On single dosing with Daytrana to children or adolescents, there was a delay of, on average, 2 hours before dmethylphenidate was detectable in the circulation. On repeat dosing, low concentrations (1.2-3.0 ng/mL in children and 0.5-1.7ng/mL in adolescents, on average across the dose range) were observed earlier in the profile, due to carry-over effect. Following the application of Daytrana once daily with a 9 hour wear time, the mean pharmacokinetic parameters of d-methylphenidate in children and adolescents with ADHD after 4 weeks of therapy are summarized in Table 3.

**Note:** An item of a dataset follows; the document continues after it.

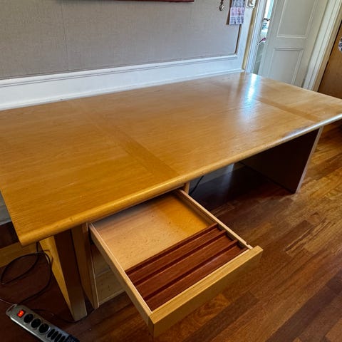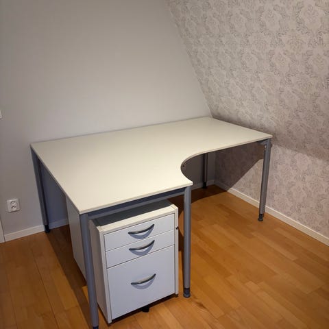 Bordet har några år på nacken. Skicket är överlag gott men har en repa mitt på arbetsytan. Syns dock inte om man har ett skrivbordsunderlägg!

Table 3 : Mean Plasma d-Methylphenidate Pharmacokinetic Parameters After Repeated 9-Hour Applications of Daytrana or Oral ER-MPH for up to 28 days to Pediatric ADHD Patients (Aged 6 – 17 years)
CHILDREN
PARAMETER DAYTRANA1 12.5 CM²
(N=12) DAYTRANA2 37.5 CM²
(N=10) ORAL ER-MPH3 18 MG ORAL ER-MPH3 54 MG
Cssmax (ng/mL) 15.7 ±9.39 42.9 ± 22.4 8.37 ± 4.14 26.1 ± 11.2
Cssmin (ng/mL)` 1.04 ± 1.17 1.96 ± 1.73 0.708 ± 1.08 1.19 ± 1.54
AUCss (ng•hr/mL) 163 ± 101 447 ± 230 97.7 ± 67.0 317 ± 160
tlag (h)4 0 (0 – 2.0) 0 (0 – 1.0) 0 0
Adolescents
Cssmax (ng/mL) 8.32 ± 4.60 16.5 ± 6.94 5.23 ± 1.72 18.0 ± 6.97
Cssmin (ng/mL) 0.544 ± 0.383 1.02 ± 0.629 0.360 ±0.478 1.50 ± 0.937
AUCss (ng•hr/mL) 85.7 ± 50.0 167 ± 66.0 59.7 ± 19.1 216 ± 80.8
tlag (h)4 0 (0 – 2.0) 0 (0 – 2.0) 0 0
1Dose maintained fixed for 28 days;
2Dose escalated at 7 day intervals from 12.5 cm² through 18.75 cm² and 25 cm² to 37.5 cm²;
3Dose escalated at 7 day intervals from 18 mg through 27 mg and 36 mg to 54 mg;
4Median (minimum – maximum); tlag = Last Sampling Time Prior to Time of First Quantifiable Plasma Concentration
Following administration of Daytrana 12.5 cm² to pediatric and adolescent ADHD patients daily for 7 days, there were 13% and 14% increases, respectively, in steady state area under the plasma concentration-time curve (AUCss) relative to that anticipated on the basis of single dose pharmacokinetics (AUC0-∞); after 28 days administration, these increments increased to 64% and 76%, respectively. Cmax increased by nearly 69% and 100% within 4 weeks of daily administration of the starting dose in children and adolescents, respectively.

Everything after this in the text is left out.